Четвертым слева в верхнем ряду был Милчо Половянский. Узнать его было совсем нетрудно – как вы уже знаете, такие характерные, хищные черты лица встречаются редко. В центре группы я вдруг увидел увидел лицо, которое показалось мне знакомым. Я вытащил из кармана лупу и стал его разглядывать. И тут у меня по спине забегали мурашки. Ученик в центре поразительно был похож на Петра Чамурлийского.
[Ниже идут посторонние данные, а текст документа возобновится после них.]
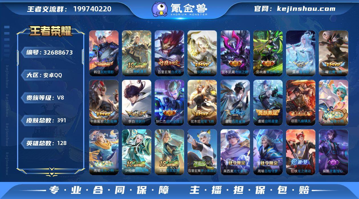 安卓Q-V8-最强王者段位-128英雄-390皮肤-1典藏皮肤-13传说-115史诗 【英雄全皮】:刘邦全皮,孙权全皮,狂铁全皮,猪八戒全皮,敖隐全皮,空空儿全皮,影全皮 【荣耀典藏】:韩信弑枪猎影 【传说皮肤】:后羿神树通天,露娜霜月吟,李白诗剑行,镜炽阳神光,虞姬启明星使,曜云鹰飞将,干将莫邪久胜战神,虞姬云霓雀翎,百里玄策白虎志,花木兰冠军飞将,孙尚香末日机甲,宫本武藏地狱之眼,狄仁杰超时空战士 【限定皮肤】:白起狰,姜子牙天穹之誓,杨戬破阵退雄兵,狄仁杰阴阳师,赵云皇家上将,墨子神迹守卫,嬴政优雅恋人,孙尚香蔷薇恋人,鲁班七号狮舞东方,庄周高山流水,高渐离死亡摇滚,阿轲迷踪丽影,钟无艳超时空战士,扁鹊奇幻香踪,白起夜都怪侠,芈月幻夜卜梦,吕布猎兽之王,元歌云间偶戏,元歌无心,夏侯惇朔风刀,甄姬游园惊梦,甄姬落雪兰心,曹操烛龙,典韦穷奇,马可波罗暗影游猎,马可波罗山海玄木吟,狄仁杰魔术师,狄仁杰万华元夜,达摩星际陆战队,达摩沙漠行僧,项羽海滩派对,老夫子醍醐杖,老夫子航海奇遇记,程咬金演武夺筹,刘邦夺宝奇兵,韩信逐梦之影,韩信飞衡,韩信傲雪梅枪,王昭君午后时光,兰陵王金庭之子,花木兰青春决赛季,亚瑟潮玩骑...

В следующую секунду, однако, я уже не был в этом так уверен. Слово "поразительно" отпало с той же быстротой, с какой я сначала его было принял. Но в том, что сходство действительно есть, не было никаких сомнений… Господи, да это же все меняет, точнее, все ставит на свои места! Ведь везде, во всех сведениях о Петре Чамурлийском упоминается Софийская II мужская гимназия. При чем тут 5-й "Б" класс Врачанской гимназии? Что же получается? Если мальчик на фотографии и Петр Чамурлийский – одно и то же лицо, значит, Чамурлийский и Половянский учились в одном классе. А как они могли учиться в одном классе, раз Чамурлийский, согласно неопровержимым доказательствам, всегда учился в Софии? К тому же они знакомы всего три года. А что, если не три, а тридцать? Тогда… тогда выходит, что Петр Чамурлийский совсем не Петр Чамурлийский, а кто-то другой, кто присвоил себе имя героя. От этой догадки у меня снова по спине поползли мурашки. От волнения я не узнал собственного голоса.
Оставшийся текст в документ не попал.